Кагманец потёр рукой лоб. Эльфийка мыслила в правильном направлении, но слишком наивно. Разумеется, Джеральд и его покровители — не такие дураки, чтобы оставлять в бумагах какие-нибудь следы. Но заглянуть в харчевню "Тяжелый топор", где традиционно собирались в поисках работы авантюристы всех мастей, и расспросить о Джеральде, конечно, следовало. Собственно говоря, Йеми как раз намеревался отправиться туда этим вечером. Передоверить разговор кому-то другому? Зачем?

— Потолковать с эшвардами, наверное, действительно полезно, госпожа, только пока что толковать особо не о чем. Думаю, что об оборотне в бумагах ничего нет: почтенный Теокл правильно говорил о государственном преступлении.

— Да, наверное. Но, возможно, найдётся что-то о Кагмане. Мне кажется, в нашем положении нельзя пренебрегать ни одной мелочью.

— В нашем? — слегка наиграно удивился Йеми.

— Кажется, ты говорил о том, что мы можем объединить свои усилия? Я нахожу это предложение разумным. Или, ты хочешь взять свои слова назад?

— Мирон?

Визитёры переглянулись.

— Тебе виднее, я не против, — кивнул Нижниченко.

— Слов назад мы не берём, — решил Йеми. — Если твой человек сможет добиться от эшвардов возможности заглянуть в бумаги и найдёт в них что-то о походе в Кагман, или даже просто на Лакарский полуостров, то, думаю, это серьёзно поможет нам в наших поисках. Только, надеюсь, он будет достаточно осторожен, чтобы не возбудить подозрений.

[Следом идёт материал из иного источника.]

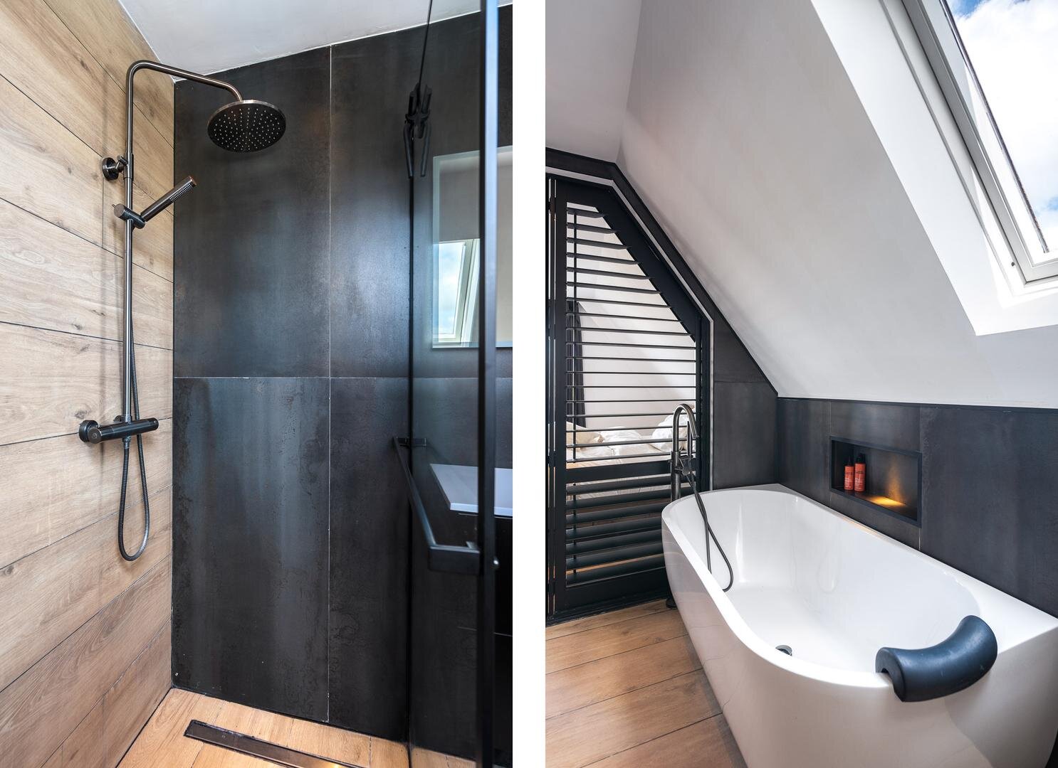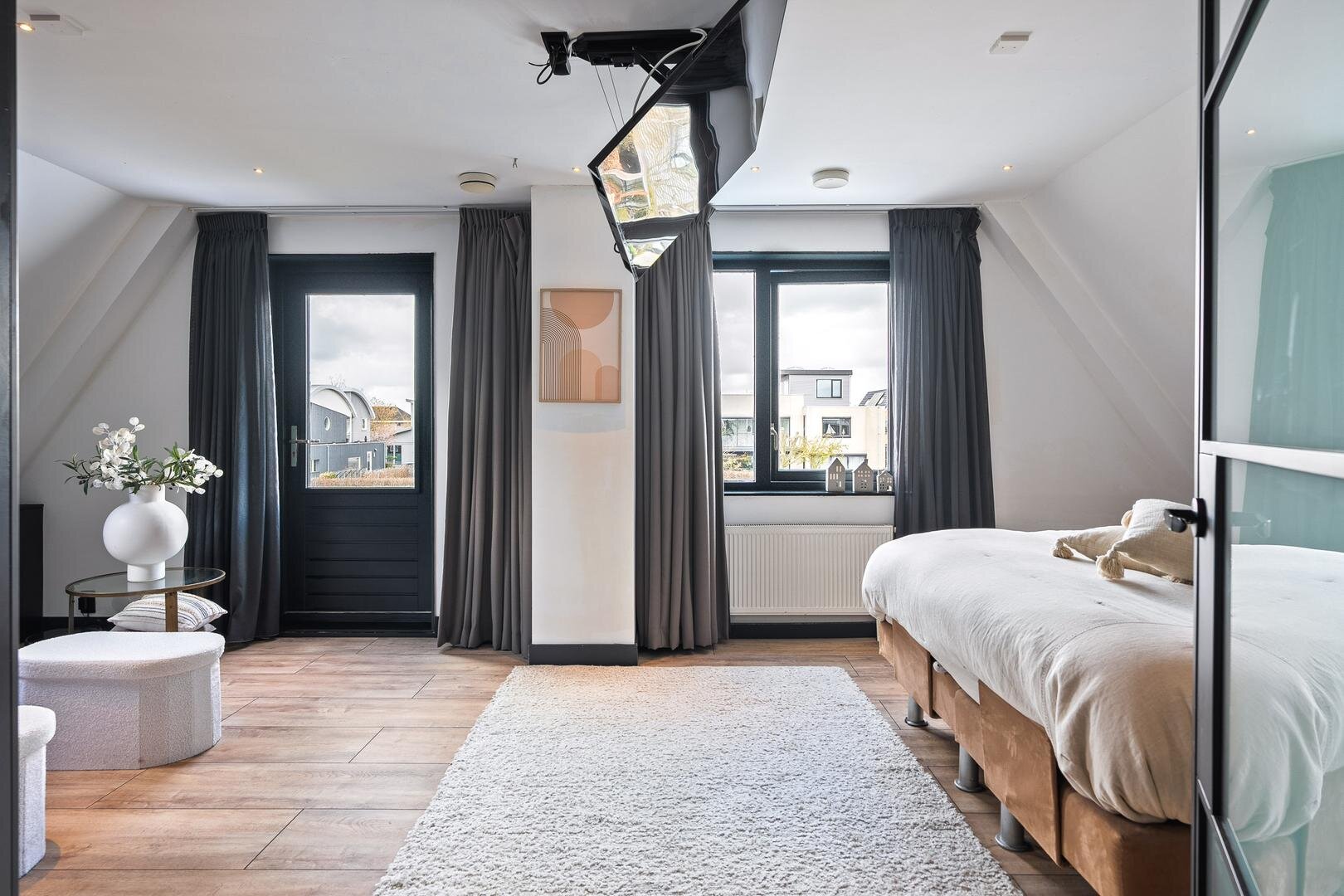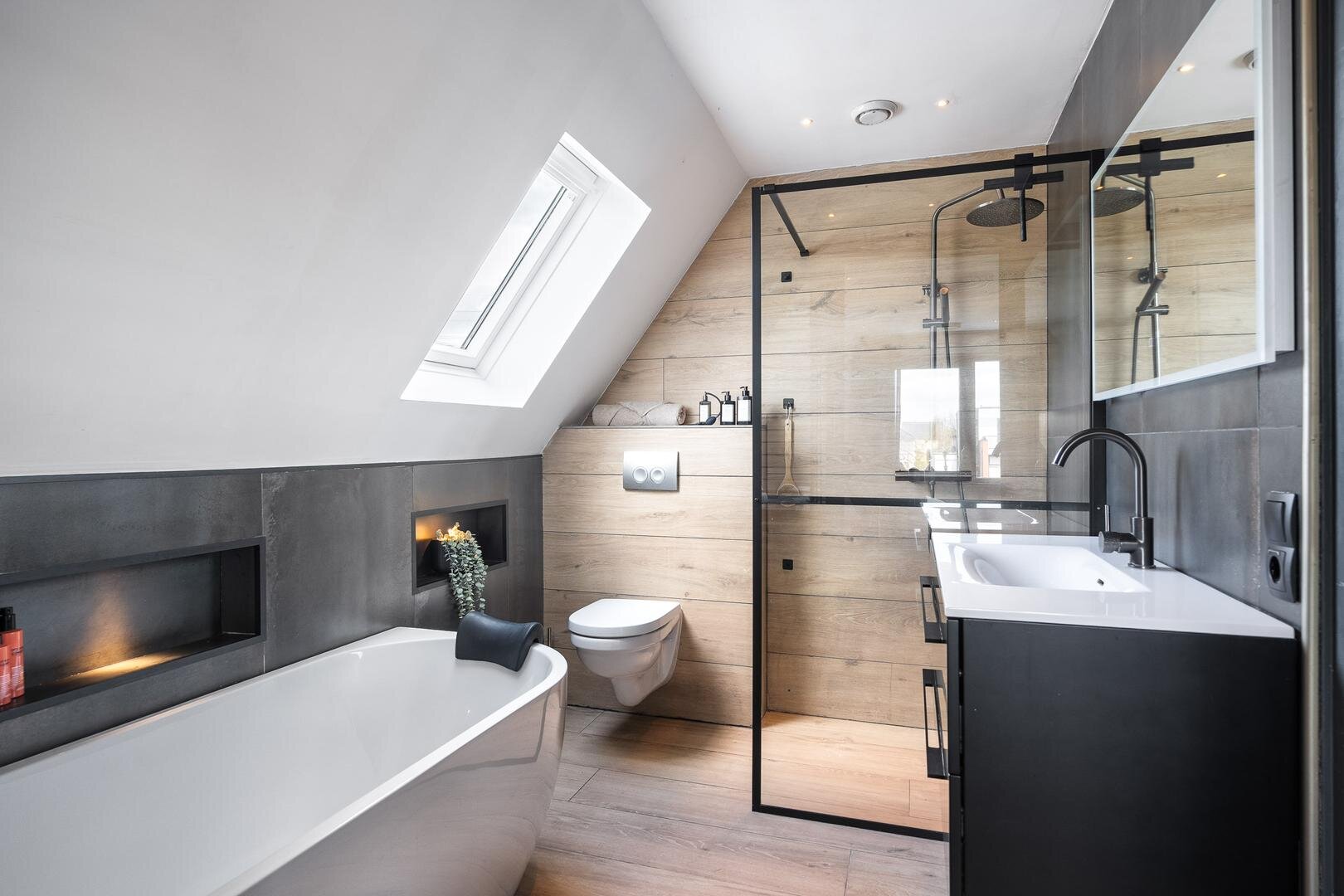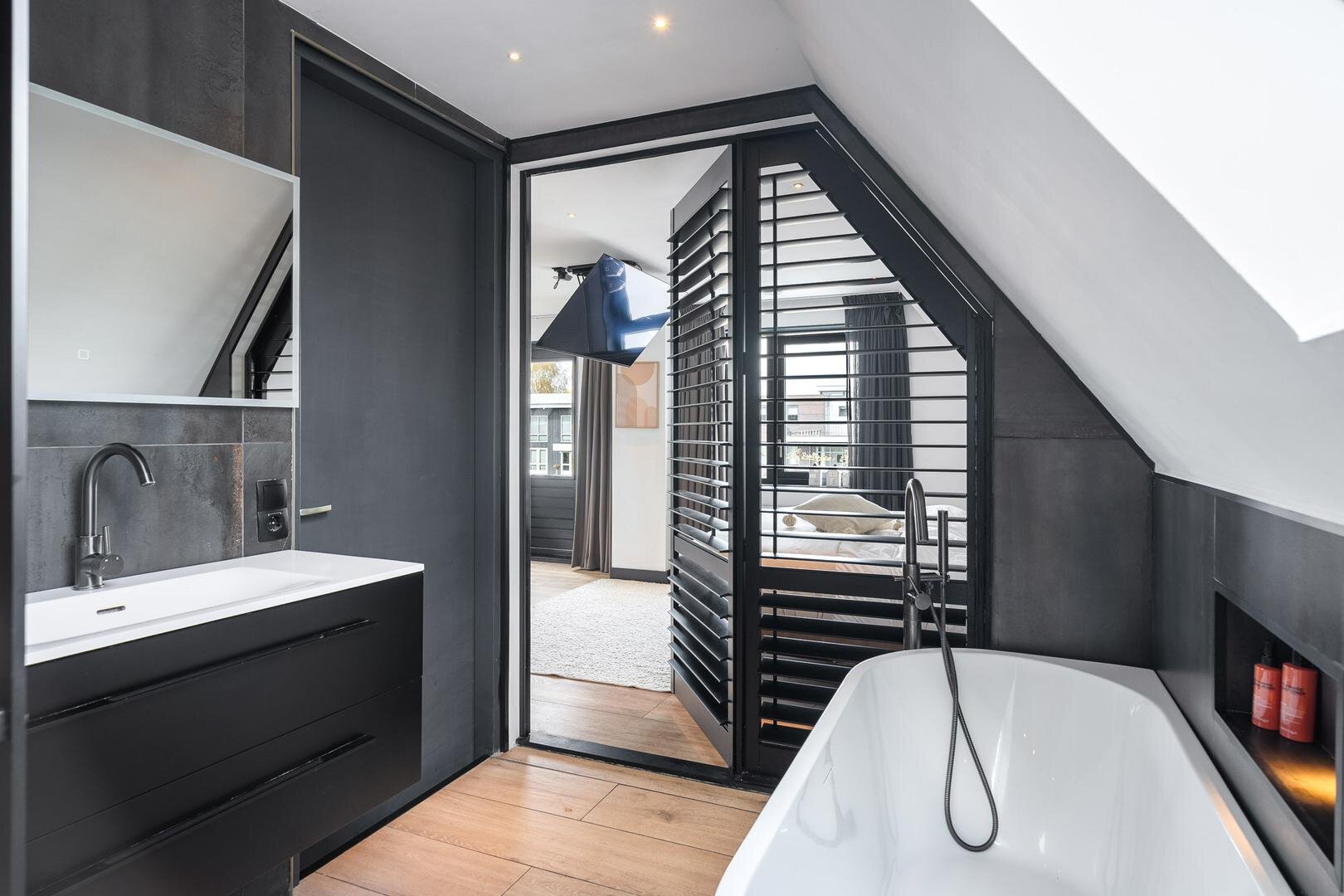 De overloop geeft toegang tot drie ruime slaapkamers. De master bedroom is een echte eyecatcher en beschikt over een directe verbinding met de badkamer, wat zorgt voor een luxe en hotelachtige sfeer. De badkamer is compleet en verzorgd uitgevoerd.

— Он будет очень осторожен, — заверила эльфика. — Приходи завтра в обед в трактир "Графский лебедь", надеюсь, что я смогу сообщить тебе добрые вести. Знаешь, где это?

— Найду, — лаконично ответствовал кагманец. Знать все харчевни, трактиры и постоялые дворы в каждом городе не под силу никому. Но с дюжину наиболее известных заведений во всех крупных городах восточного побережья Йеми помнил наизусть. "Графский лебедь" Хесселинка не просто попадал в этот почтенный список, но и держался в его верхней половине. Кагманец даже собирался предложить Мирону остановиться в этом трактире, но в конечном итоге сделал выбор в пользу "Дома Дельбека". — Только вот Приёмной Дочери Императора наверняка уделяют повышенное внимание отцы-инквизиторы. Как быть с этим?

— Ты преувеличиваешь, — улыбнулась Истребительница. — Отец Горак посещает трактир раз в день — не более того. А если до него и дойдут какие слухи, я скажу, что ты — горожанин, слова которого показались мне интересными.

— Не пойдёт, — решительно отрезал Йеми. — Лучше встретимся завтра в это же время в "Солёной треске", это трактир на границе порта и морского рынка. Днём там вполне благопристойно.

— Хорошо, можем встретиться и там, — не стала спорить эльфийка.

— Рад был познакомиться с тобой, госпожа. Рад был найти союзников, — Йеми и поднялся с табурета и слегка поклонился в пространство между Инирэль и Теоклом. — А сейчас прошу нас извинить, мы с другом должны спешить…

Серёжка недоумевал: зачем его потащили во Двор Боли. Никаких проступков за собой мальчишка не чувствовал. Для Вена, судя по выражению лица, приход стражников за его питомцем оказался полной неожиданностью, причём не из приятных. Что же могло так разгневать ланисту?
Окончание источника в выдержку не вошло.